Here is a Stallings-style argument. Suppose that $S$ is a closed connected surface. Let $G = \pi_1(S)$. Suppose $T$ is a graph and $v \in T$ a vertex. Let $F = \pi_1(T,v)$ and suppose that $\phi \colon G \to F$ is any homomorphism.

Theorem: If $\phi$ is injective then $S$ is the two-sphere.

Here's the proof. Let $e$ be any edge of $T$ and let $p \in e$ be the midpoint. The given generating set $\{a_i,b_i\}$ for $G$ gives a one-skeleton for $S$, with one vertex; call the vertex $u$. Let $Q$ be the single two-cell remaining in $S$.

We may now define a map $f$ from the one-skeleton of $S$ to $T$ by mapping $u$ to $v$ and by mapping the edges of $Q$ to paths in $T$ as instructed by $\phi$. Note that the relation in $G$ is killed by $\phi$ -- so, thinking of the image as a word $w$, we find $w$ is a completely reducible word. The reduction of $w$ tells us how to extend $f$ to the two-cell $Q$. (Draw $Q$. Subdivide and label the edges of $Q$ by their images. The first reduction of $w$ gives a triangle cutting off a pair of these new, smaller edges. Etc.)

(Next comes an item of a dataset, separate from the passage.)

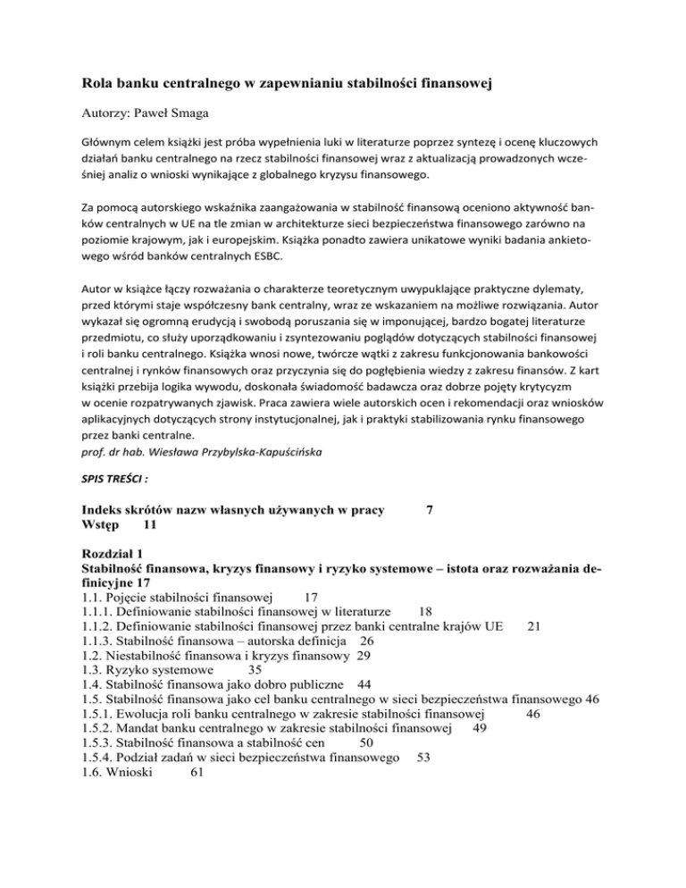Rola banku centralnego w zapewnianiu stabilności finansowej Autorzy: Paweł Smaga Głównym celem książki jest próba wypełnienia luki w literaturze poprzez syntezę i ocenę kluczowych działań banku centralnego na rzecz stabilności finansowej wraz z aktualizacją prowadzonych wcześniej analiz o wnioski wynikające z globalnego kryzysu finansowego. Za pomocą autorskiego wskaźnika zaangażowania w stabilność finansową oceniono aktywność banków centralnych w UE na tle zmian w architekturze sieci bezpieczeństwa finansowego zarówno na poziomie krajowym, jak i europejskim. Książka ponadto zawiera unikatowe wyniki badania ankietowego wśród banków centralnych ESBC. Autor w książce łączy rozważania o charakterze teoretycznym uwypuklające praktyczne dylematy, przed którymi staje współczesny bank centralny, wraz ze wskazaniem na możliwe rozwiązania. Autor wykazał się ogromną erudycją i swobodą poruszania się w imponującej, bardzo bogatej literaturze przedmiotu, co służy uporządkowaniu i zsyntezowaniu poglądów dotyczących stabilności finansowej i roli banku centralnego. Książka wnosi nowe, twórcze wątki z zakresu funkcjonowania bankowości centralnej i rynków finansowych oraz przyczynia się do pogłębienia wiedzy z zakresu finansów. Z kart książki przebija logika wywodu, doskonała świadomość badawcza oraz dobrze pojęty krytycyzm w ocenie rozpatrywanych zjawisk. Praca zawiera wiele autorskich ocen i rekomendacji oraz wniosków aplikacyjnych dotyczących strony instytucjonalnej, jak i praktyki stabilizowania rynku finansowego przez banki centralne. prof. dr hab. Wiesława Przybylska-Kapuścińska SPIS TREŚCI : Indeks skrótów nazw własnych używanych w pracy Wstęp 11 7 Rozdział 1 Stabilność finansowa, kryzys finansowy i ryzyko systemowe – istota oraz rozważania definicyjne 17 1.1. Pojęcie stabilności finansowej 17 1.1.1. Definiowanie stabilności finansowej w literaturze 18 1.1.2. Definiowanie stabilności finansowej przez banki centralne krajów UE 21 1.1.3. Stabilność finansowa – autorska definicja 26 1.2. Niestabilność finansowa i kryzys finansowy 29 1.3. Ryzyko systemowe 35 1.4. Stabilność finansowa jako dobro publiczne 44 1.5. Stabilność finansowa jako cel banku centralnego w sieci bezpieczeństwa finansowego 46 1.5.1. Ewolucja roli banku centralnego w zakresie stabilności finansowej 46 1.5.2. Mandat banku centralnego w zakresie stabilności finansowej 49 1.5.3. Stabilność finansowa a stabilność cen 50 1.5.4. Podział zadań w sieci bezpieczeństwa finansowego 53 1.6. Wnioski 61 Rozdział 2 Uwarunkowania stabilności finansowej 63 2.1. Klasyfikacja czynników warunkujących stabilność finansową 2.2. Globalizacja i liberalizacja 69 2.3. Interakcje między systemem finansowym a sferą realną 73 2.4. Sytuacja na rynku finansowym 77 2.5. Stan finansów publicznych 80 2.6. Systemowo znaczące instytucje 83 2.7. Behawioralne uwarunkowania stabilności finansowej 88 2.8. Wnioski 91 Rozdział 3 Pomiar i analiza stabilności finansowej przez bank centralny 3.1. Zasady analizy stabilności finansowej 93 3.2. Wskaźniki stabilności finansowej 95 3.3. Zagregowane indeksy stabilności finansowej 102 3.4. Testy warunków skrajnych 110 3.5. Podejście sieciowe 117 3.6. Problem uwzględnienia stabilności finansowej w modelowaniu 3.7. Wnioski 127 63 93 122 Rozdział 4 Działania prewencyjne banku centralnego na rzecz stabilności finansowej 129 4.1. Polityka informacyjna 129 4.2. Raport o stabilności finansowej 135 4.3. Nadzór nad systemem płatniczym 139 4.3.1. Istota nadzoru nad systemem płatniczym 139 4.3.2. Typy ryzyka w systemie płatniczym 142 4.3.3. Rodzaje systemów płatności 147 4.3.4. Centralny kontrpartner jako źródło ryzyka systemowego 151 4.3.5. Podejście banku centralnego do analizy systemu płatniczego 154 4.4. Nadzór nad instytucjami finansowymi 159 4.4.1. Ewolucja modeli nadzoru 160 4.4.2. Bank centralny jako nadzorca – argumenty „za” i „przeciw” 164 4.5. Wnioski 173 Rozdział 5 Działania banku centralnego w sytuacji kryzysowej 175 5.1. Stabilność finansowa a polityka pieniężna 175 5.1.1. Podejście banku centralnego do baniek spekulacyjnych 176 5.1.2. Wykorzystanie stóp procentowych do przekłuwania baniek spekulacyjnych 180 5.1.3. Uwzględnianie stabilności finansowej w prowadzeniu polityki pieniężnej 184 5.1.4. Wnioski 186 5.2. Funkcja pożyczkodawcy ostatniej instancji 187 5.2.1. Istota funkcji LOLR 187 5.2.2. Dylematy LOLR 188 5.2.3. Podstawowe zasady LOLR 193 5.2.4. Praktyka LOLR 197 5.2.5. Wnioski 203 5.3. Działania antykryzysowe banków centralnych w latach 2007–2013 – wybrane przykłady 204 5.3.1. Zarządzanie globalnym kryzysem na przykładzie działań Fed, EBC i Banku Anglii 206 5.3.2. Programy typu quantitative easing – próba oceny 213 5.3.3. Wnioski 224 Rozdział 6 Zmiany w unijnej architekturze sieci bezpieczeństwa finansowego – w stronę podejścia makroostrożnościowego 225 6.1. Międzynarodowy wymiar stabilności finansowej 225 6.2. Ponadnarodowa współpraca w zakresie stabilności finansowej 229 6.3. Uregulowanie odpowiedzialności za stabilność finansową w UE 233 6.4. Nadzór makroostrożnościowy 241 6.4.1. Istota nadzoru makroostrożnościowego 242 6.4.2. Narzędzia nadzoru makroostrożnościowego i ich zastosowanie 244 6.4.3. Instytucjonalny wymiar nadzoru makroostrożnościowego 253 6.5. Wnioski 258 Rozdział 7 Badanie stopnia zaangażowania banków centralnych w UE w stabilność finansową 261 7.1. Przegląd dotychczasowych badań 261 7.2. Metoda badawcza 266 7.3. Analiza komponentów wskaźnika 274 7.4. Analiza wskaźnika 295 7.5. Wnioski 303 Podsumowanie 305 Bibliografia 317 I. Pozycje zwarte, artykuły, raporty 317 II. Źródła internetowe 347 III. Pozostałe źródła 348 Aneks 1. Definicje stabilności finansowej przyjęte przez banki centralne UE 27 349 Aneks 2. Porównanie najważniejszych determinant (nie)stabilności fina

It follows that $f$ induces the homomorphism $\phi$. (It does the correct thing to the generators and to the relator.) Now consider $C = f^{-1}(p)$. By construction, $C$ is a collection of circles in $S$. If any component of $C$ is non-trivial in $G$, then $\phi$ is not injective, a contradiction. From the Jordon curve theorem deduce that all components of $C$ bound disks. Thus we may homotope $f$ so that $p$ is not in the image. Thus we may homotope $f$ so that the interior of $e$ is not in the image. Thus we may reduce the number of edges in $T$. We now induct downwards. In the base case, where $T = v$, we find that $f$ is the constant map, so $G$ is the trivial group, so $S$ is the two-sphere.

Answer 9

Riffing off of Ben Steinberg's answer, which amounts to the statement that a tree is not quasi-isometric to the hyperbolic plane, here's a proof which doesn't require knowing anything about ends.

Tile $H^2$ by regular $2g$-gons which are fundamental domains for the action of $\pi_1 X$. The boundaries of these $2g$-gons form a Cayley graph $\Gamma$ of $\pi_1 X$. If $\pi_1 X$ were a free group then $\Gamma$ would be quasi-isometric to a tree, and so there would exist constants $C \ge 0$ and $s \in (0,1)$ such that every closed edge path $\gamma$ in $\Gamma$ can be written as a concatenation $\gamma = \gamma_1 * \gamma_2$ so that $Length(\gamma_1), Length(\gamma_2) \ge s Length(\gamma)$, and the initial and terminal endpoints of $\gamma_1$ have distance $\le C$ in $\Gamma$. But for sufficiently large $r > 0$, choosing $\Gamma$ to be a closed edge path that stays within a uniform distance of the radius $r$ circle in $H^2$, we get a contradiction.

Answer 10

There are already many excellent answers, and I'm adding another more out of solidarity than anything else. Unlike the other answers, this one is perversely complicated, although perhaps it addresses the question raised in Misha's answer about the existence of an arithmetic proof. I might also add my own question that I have wondered about:

Question: There are many known obstructions for group to be Kahler. Which of these extend to tame fundamental groups?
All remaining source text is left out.